Use the Post Office to Increase Sales

Post office mail box

Despite the popularity of e-marketing, direct mail still works for many companies. How well it works depends on a number of variables. It's a game of percentages. Here are six tips to help improve your company's odds:

Remember that "direct" is the operative word. A key advantage of direct mail versus traditional advertising to a mass audience is the ability to effectively reach people who are good prospects for your product or service. How well do you know your target market -- age, gender, level of education, marital status, household income, geographic location, etc.? If you're working with a list broker, such information helps determine which lists will bring the best results.

The more specific your list requirements, the higher the cost. But it may be worth it. A carefully targeted mailing reduces printing and postage costs and that savings is magnified over multiple mailings.

Whether you maintain your own direct mail database or rent lists of names, it's important to have current addresses. Watch out for bargain lists whose principal source of contacts is the telephone book. A significant percentage of listings are outdated even before the phone book is published.

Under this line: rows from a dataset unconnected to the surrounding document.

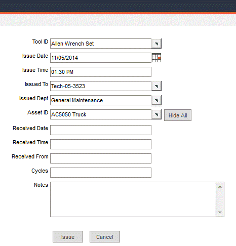 When you’re finished entering in the tool issuance information, click the Issue button to issue the tool and save the record. A Tool Successfully Issued message will appear; click OK. A new blank issue form is displayed.
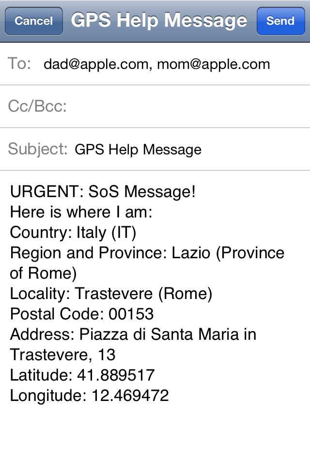 GPS Help is firstly aimed at helping all the people needing of transmitting their actual geographical position. In particular, by relying on all the GPS features of your Apple device, you will be enabled to send to your selected contacts your last location (e.g. address, town, city, country and other) via E-Mail either SMS.
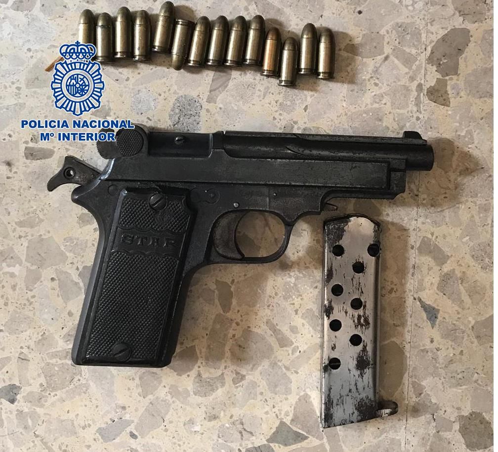 Que del mismo modo, se localiza por parte de la UDYCO un arma de fuego, de calibre 9 mm, así como munición para la misma, estando la referida pistola en perfecto estado de funcionamiento.

Because bulk mail doesn't get forwarded or returned to the sender, it's smart to clean up your data base or list before mailing. The United States Postal Service (USPS) maintains a National Change of Address (NCOA) service that it licenses to vendors.

When your list is NCOA processed, business or consumer addresses that have changed in the previous three and one-half years are updated before your mailing. It's generally cheaper and certainly better than doing "Change Service Requested" (formerly "Address Correction Requested"), which doesn't provide you updated addresses until after your mailing. Anytime you can increase the number of pieces delivered to your target market, you improve the response.

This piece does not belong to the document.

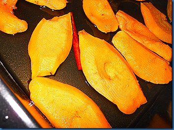 Μεταφέρουμε τα ψημένα κυδώνια με το σιρόπι τους (αφού
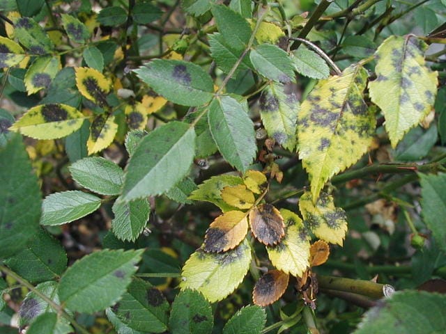 黒星病(くろほしびょう)は、古くから露地栽培のバラに発生しやすい病気で、カビ(糸状菌)の一種が原因で、黒点病(こくてんびょう)ともよばれます。

Make the headline count. Your direct mail piece has about three seconds to hook recipients. The headline must trigger their "what's in it for me?" reflex. That's why pitches like: "Lose 10 lbs. in 2 Weeks!" motivate many people to read on. Notice it says nothing about the product and everything about what the recipient stands to gain.

When you're writing headlines, "benefits" are more enticing bait than "features." By the way, there's an important piece of direct mail real estate that often gets overlooked. It's the space on the envelope or the address side of a post card. There's room for a teaser, such as "Valuable Coupons Inside." Just make sure the placement of the phrase meets postal requirements.

In addition to a good headline, your solicitation can be enhanced with a good postscript. Many people who only scan letters will read down to the P.S.

Be persistent. Many companies make the mistake of giving up on direct mail after one or two mailings. A rule of thumb in direct marketing is that you should mail to recipients, including your own customers, at least six times per year. Of course, you want to vary the content of your mailings, but give them a "family" look so that they're instantly recognizable as coming from your firm.

Make it easy to respond. What do you want the recipient to do? Call for information? Reply to a survey? Order a product? Visit your store? Too often, direct mailers forget to include a "call to action." Make it convenient for recipients to act. If you want them to call, clearly provide the phone number and hours. If you want them to respond to a survey, enclose a postage-paid reply envelope.

Test everything. Brainstorm about the many factors that can impact your results and do test mailings. Colors, headlines, lists, delivery time, paper stock and the time of year that you're mailing are just a few things to consider.

Before each mailing, take a sample of your direct mail piece to a USPS Business Mail Center if you live in an urban area, or to the person responsible for business mail in a smaller city. They'll advise you on how to prepare the mailing to qualify for postal discounts and to ensure speedy delivery. Always do one or more test mailings before you invest in a huge direct mail campaign.

Keep in mind that smaller can be better. Some companies find they get a better response to offers made on postcards. Postcards cost much less to mail than first class letters. Plus, they are less expensive to design and print than a full-blown mailing. The savings can be substantial.

Bulk Rate Rules

The U.S. Postal Service offers bulk mail discounts because you are expected to do some of the work that postal workers normally do, like sorting the mail a specific way, and using a designated post office.

All parties benefit. You get lower mailing costs in exchange for the investment of time and technology, and the Postal Service reduces its costs. According to the U.S. Postal Service, to use bulk mail you must:

  • Get a bulk mail permit and pay an annual fee.
  • Pay postage using precanceled stamps, a postage meter, or a permit imprint.
  • Use smart choices for mailings, such as size, shape, and weight of pieces.
  • Ensure addresses are accurate, and presort mail by zip code.
  • Take your mail to the post office where you have your permit.